2024 Intangible Asset Impairment
During the third quarter of 2024, we revised internal financial projections for our Softex and Thinx businesses to reflect updated expectations of future financial performance in light of current performance and as part of our re-organization efforts discussed in Note 2. As part of these revisions, we performed impairment assessments for our indefinite-lived brand names and finite-lived intangible assets, primarily brand names and distributor relationships. As a result of these assessments, we recognized impairment charges of $97 pre-tax ($57 after-tax) to write-down these intangible assets to their respective fair values. The valuation methods used in the assessments included the relief from royalty and distributor relationships methods. These impairment charges were primarily caused by increased attrition in our distributor relationships valuation model and the continued challenges arising from modified consumer shopping behavior in the post-COVID-19 period coupled with revisions to our long-term strategy and outlook. These noncash charges were included in Impairment of intangible assets in our consolidated statements of income and in Asset impairments within Operating Activities in our consolidated statements of cash flows.

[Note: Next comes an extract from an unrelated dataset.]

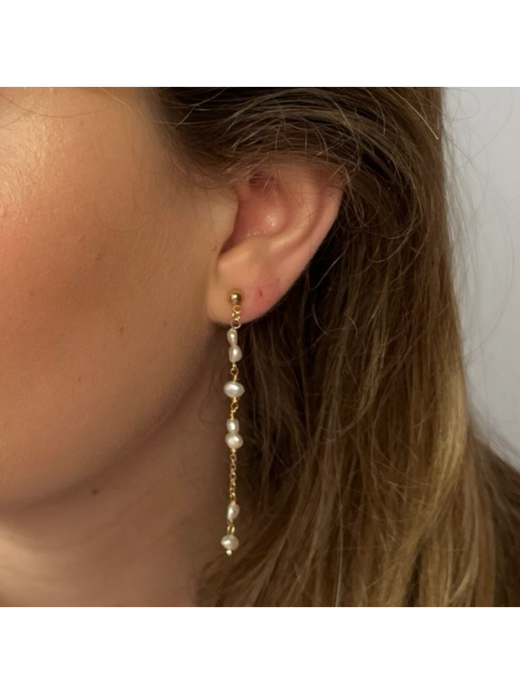 | Istruzioni per la cura | Stylish gold-plated earrings over brass, delicately finished with sparkling freshwater pearls. These long Mila earrings exude elegance and are perfect for special occasions or as a subtle statement piece. Also available in silver. |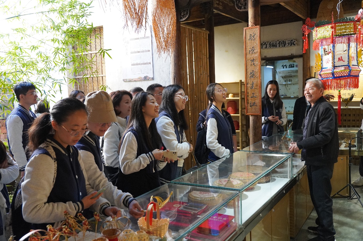 游览中国乡村美术馆之后,实践团队成员参观了余东画村的部分展厅,详细了解文创产品的展出情况。在南孔文创展厅,印有农民画的丝巾、雨伞、提包、陶瓷杯均有独一无二的版权。在时光邮局,油桶、老式电视机、老式打字机、收音机、报纸、地图、毕业证书等60-70年代的展品引人追忆改革开放前的农民生活场景。头雁直播间的双柚汁、手工面、地瓜粉等展品特色产品展销至多个国家和地区,助力扩大余东农民画品牌的影响力。在清廉乡村展馆,一幅幅农民画作以生动易懂的形式,表达对廉洁从政、勤俭节约、拒腐防变的追求。在竹编馆,实践团队成员与坚持从事竹编工艺60余年的余统善老先生进行对话,了解展厅内的竹篮、动物、灯笼、名人像等竹编作品的创作历程,以感知传统造物的方式感悟匠人的“绣花针”精神。

2023 Intangible Asset Impairment
In the second quarter of 2023, we conducted forecasting and strategic reviews and integration assessments of our Softex Indonesia business, acquired in the fourth quarter of 2020, and with performance below expectations since acquisition, we revised internal financial projections of the business to reflect updated expectations of future financial performance. These reviews and the subsequent revisions in the projections highlighted challenges for the Softex business arising from modified consumer shopping behavior in the post-COVID-19 period, inflationary pressures and other macroeconomic factors and increased competitive activity in the region. As a result of separate management reviews, we also have revised internal financial projections associated with our acquisition of a controlling interest in Thinx as a result of performance below expectations due to the impact of modified consumer shopping behavior in the post-COVID-19 period.
These revisions were considered triggering events requiring interim impairment assessments to be performed relative to the intangible assets that had been recorded as part of these acquisitions. These intangible assets included indefinite-lived and finite-lived brands and finite-lived distributor and customer relationships. As a result of the interim impairment assessments, we recognized impairment charges, principally arising from the impairment charge of $593 related to the Softex business, totaling $658 pre-tax ($483 after-tax) to write-down these intangible assets to their respective fair values aggregating to $188 as of June 30, 2023. The valuation methods used in the assessments included the relief from royalty and distributor and customer relationships methods. This noncash charge was included in Impairment of intangible assets in our consolidated statements of income and in Asset impairments within Operating Activities in our consolidated statements of cash flows.
We believe our estimates and assumptions used in the valuations are reasonable and comparable to those that would be used by other market participants; however, actual events and results could differ substantially from those used in the valuation, and to the extent such factors result in a failure to achieve the projected cash flows used to estimate fair value, additional noncash impairment charges could be required in the future.